ONNX export may take a few seconds. If it fails, ensure the trained model from the previous section exists in models/hubert_vsa_ravdess.

Save the following workflow as convert_and_quantize_model.py, or reuse the relevant parts in your own conversion script:

    

        
        
import os, torch
from transformers import AutoFeatureExtractor, HubertForSequenceClassification

MODEL_DIR = "models/hubert_vsa_ravdess"
ONNX_DIR = "models/hubert_vsa_ravdess_onnx"
# Create the output directory for ONNX files.
os.makedirs(ONNX_DIR, exist_ok=True)

# Load trained model weights from the previous section.
model = HubertForSequenceClassification.from_pretrained(MODEL_DIR)
# Switch to evaluation mode for deterministic export behavior.
model.eval()

feature_extractor = AutoFeatureExtractor.from_pretrained(MODEL_DIR)
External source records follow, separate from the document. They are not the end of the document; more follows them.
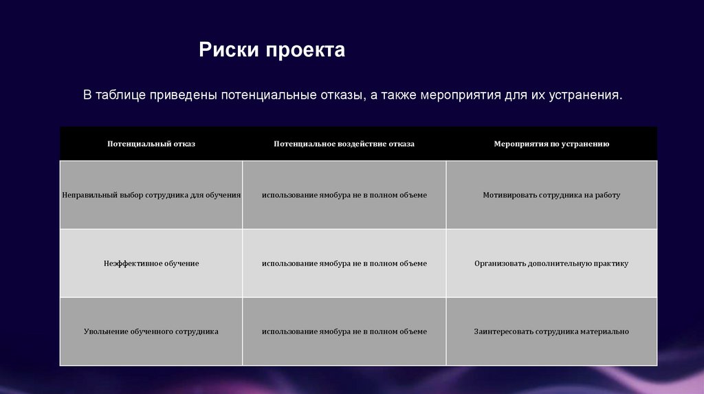 Риски проектаВ таблице приведены потенциальные отказы, а также мероприятия для их устранения.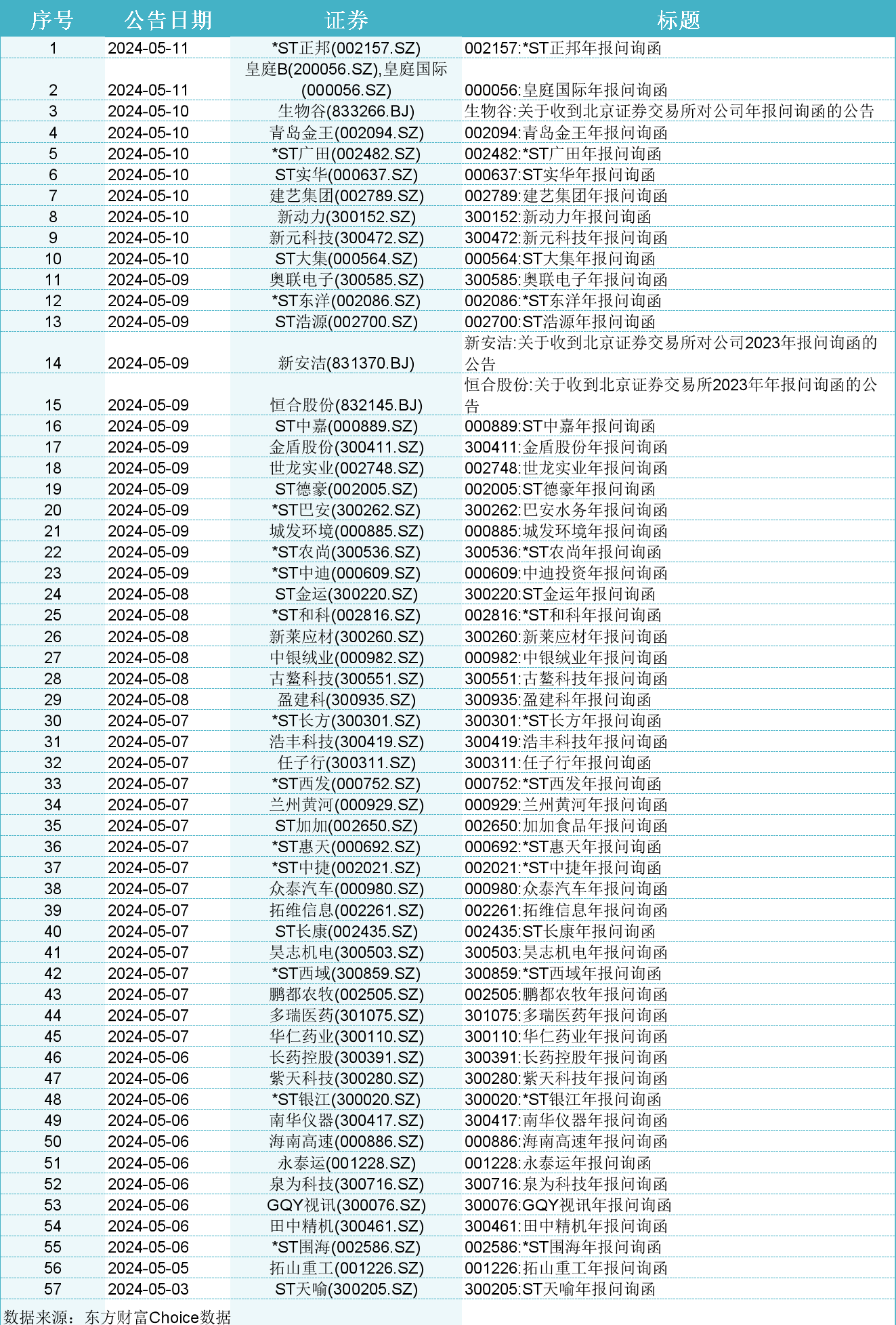 根据界面新闻统计,5月以来截至5月12日,A股已经有57家上市公司收到年报问询函,涉及股东户数达233万户(未去重)。这其中,39家企业2023年处于亏损状态。这些公司多是市值小于50亿元的上市公司。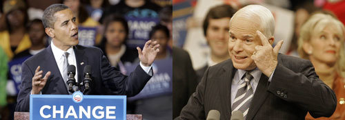 28日,美國大選民主黨候選人奧巴馬在佛吉尼亞州的詹姆士麥迪森大學進行演說(左邊)。同時,共和黨候選人麥凱恩在北卡羅來納州菲也特維爾舉行的演說中手摸額頭大笑著。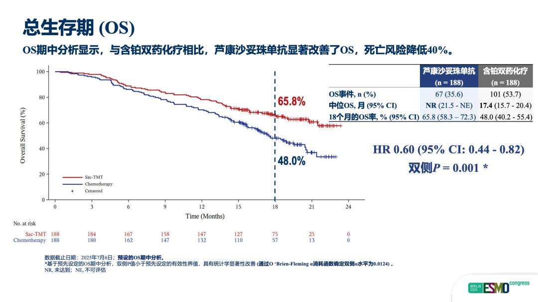 OptiTROP-Lung04研究同时实现了两大突破:首先,芦康沙妥珠单抗单药治疗,就可以使EGFR-TKI耐药患者达到PFS和OS双重获益,芦康沙妥珠单抗治疗组的中位PFS达8.3个月(由BICR评估),而含铂双药化疗对照组仅为4.3个月,即芦康沙妥珠单抗治疗使中位PFS接近翻倍,疾病进展或死亡风险下降了51%(HR 0.49,95%CI,0.39-0.62);其次,芦康沙妥珠单抗组的中位OS尚未达到,但相较于对照组(中位OS为17.4个月),也使死亡风险显著下降40%(HR 0.60,95%CI,0.44-0.82),彻底打破了既往此类患者OS难获益的困局。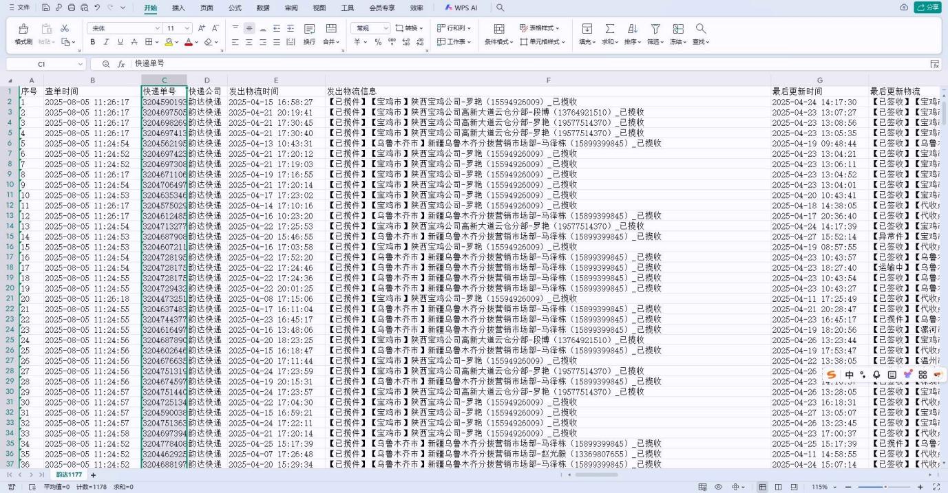 很多人习惯把 Excel 存成.xls 旧版本(2003 版及以前),但固乔优先支持.xlsx 格式(2007 版及以后),旧格式可能导致数据读取不全;另外,WPS 表格若存成 “WPS 表格格式(.et)”,也可能无法识别,建议统一存为.xlsx 格式。 2. 存在合并单元格或空行表格中若有合并单元格(如合并 “快递单号” 表头单元格),软件会误判数据列位置;空行则会导致导入时出现 “空白单号”,过滤后漏查订单。小林之前的表格有 3 处合并单元格,拆分后导入成功率从 50% 升到 100%。 3. 表头 / 多余列未删除若 Excel 中除了 “快递单号” 列,还包含 “订单金额”“客户姓名” 等多余列,且未删除表头,软件可能误将表头或多余列数据当成单号导入。正确做法是只保留 “快递单号” 一列,且删除首行表头(如 “快递单号”“物流单号” 等文字)。

# Create a dummy 1-second input to define input tensor shapes.
dummy = feature_extractor(
    [0.0] * 16000,
    sampling_rate=16000,
    return_tensors="pt",
    return_attention_mask=True
)

# Export model graph and IO signatures to ONNX.
torch.onnx.export(
      model,
      (dummy["input_values"], dummy["attention_mask"]),
      os.path.join(ONNX_DIR, "hubert_vsa_ravdess.onnx"),
      input_names=["input_values", "attention_mask"],
      output_names=["logits"],
      dynamic_axes={
          "input_values": {0: "batch_size", 1: "sequence_length"},
          "attention_mask": {0: "batch_size", 1: "sequence_length"},
          "logits": {0: "batch_size"},
      },
      opset_version=18,
  )

    

Run the script:

    

        
        
python convert_and_quantize_model.py

    

After this step, you should have hubert_vsa_ravdess.onnx in the ONNX output directory.

For production use, consider exporting with dynamic axes to support variable-length audio inputs.

You can verify the exported file with:

    

        
        
ls models/hubert_vsa_ravdess_onnx

    

Step 3.2 - Quantize the model

This step applies dynamic INT8 quantization to the ONNX model. The model weights are quantized to integer 8 bits ahead of time, while activations are quantized dynamically during inference.

Quantization typically reduces model size by around 3x to 4x and often improves CPU inference speed, depending on the hardware and model.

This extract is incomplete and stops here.